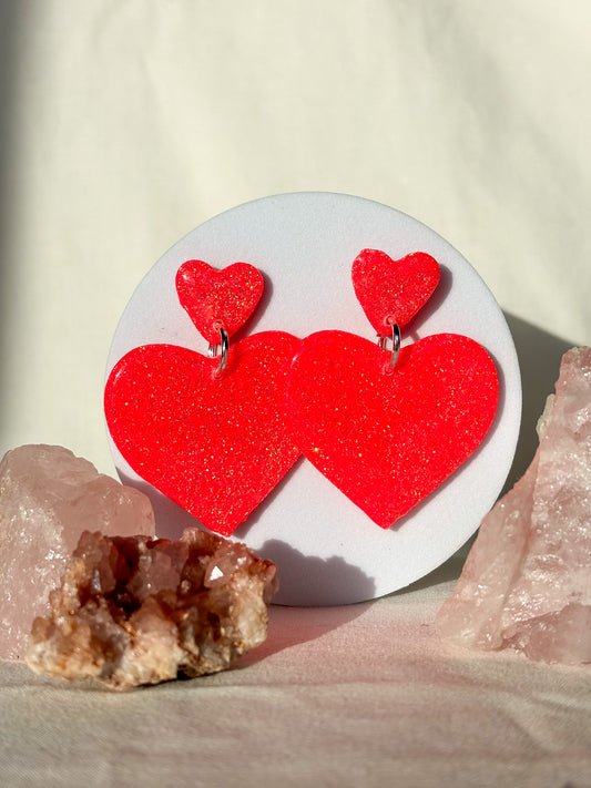 Sparkly Bright Red Stacked Heart Clay Dangle Stud EarringsRegular price $14.00 USDRegular priceUnit price / per-
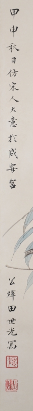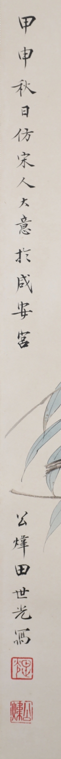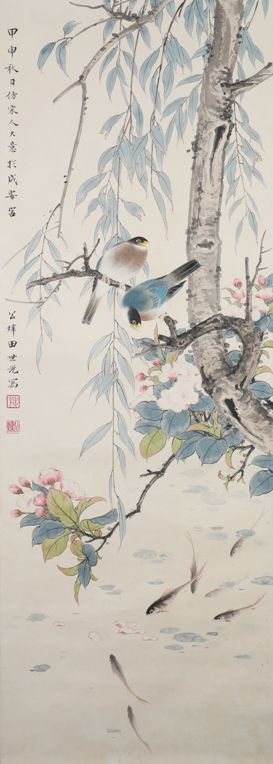 田世光(1916年10月—1999年7月)号公炜,祖籍山东乐陵,世居北京西海淀六郎庄。师承张大千、赵梦朱、吴镜汀、于非闇、齐白石诸先生。早年拜张大千门下,为大风堂弟子之一 。早年求学于京华美术学院,专攻国画花鸟,解放前在北平国立艺专任教,曾任中央美院教授。他长期从事花鸟、山水画创作,继承了宋元派双勾重彩工笔花鸟画的优良传统技法,并赋之予新的时代精神,为我国现代工笔花鸟画名家。田世光先生是中国美术家协会会员,北京工笔重彩画副会长,中国画研究院第一届院务委员。
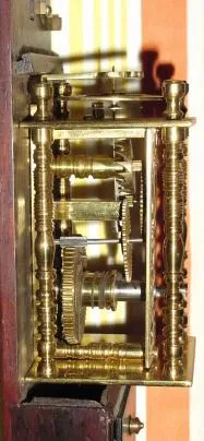 C.1840, Japanese, Stick clock, 1-wt timepiece, top balance with crown-verge escapement and skeletonized front plate, in rosewood case.

(Work request): Wherever a picture appears, omit it; copy the rest of the data exactly.

(Completed task):
 Sparkly Bright Red Stacked Heart Clay Dangle Stud EarringsRegular price $14.00 USDRegular priceUnit price / per-
 田世光(1916年10月—1999年7月)号公炜,祖籍山东乐陵,世居北京西海淀六郎庄。师承张大千、赵梦朱、吴镜汀、于非闇、齐白石诸先生。早年拜张大千门下,为大风堂弟子之一 。早年求学于京华美术学院,专攻国画花鸟,解放前在北平国立艺专任教,曾任中央美院教授。他长期从事花鸟、山水画创作,继承了宋元派双勾重彩工笔花鸟画的优良传统技法,并赋之予新的时代精神,为我国现代工笔花鸟画名家。田世光先生是中国美术家协会会员,北京工笔重彩画副会长,中国画研究院第一届院务委员。
 C.1840, Japanese, Stick clock, 1-wt timepiece, top balance with crown-verge escapement and skeletonized front plate, in rosewood case.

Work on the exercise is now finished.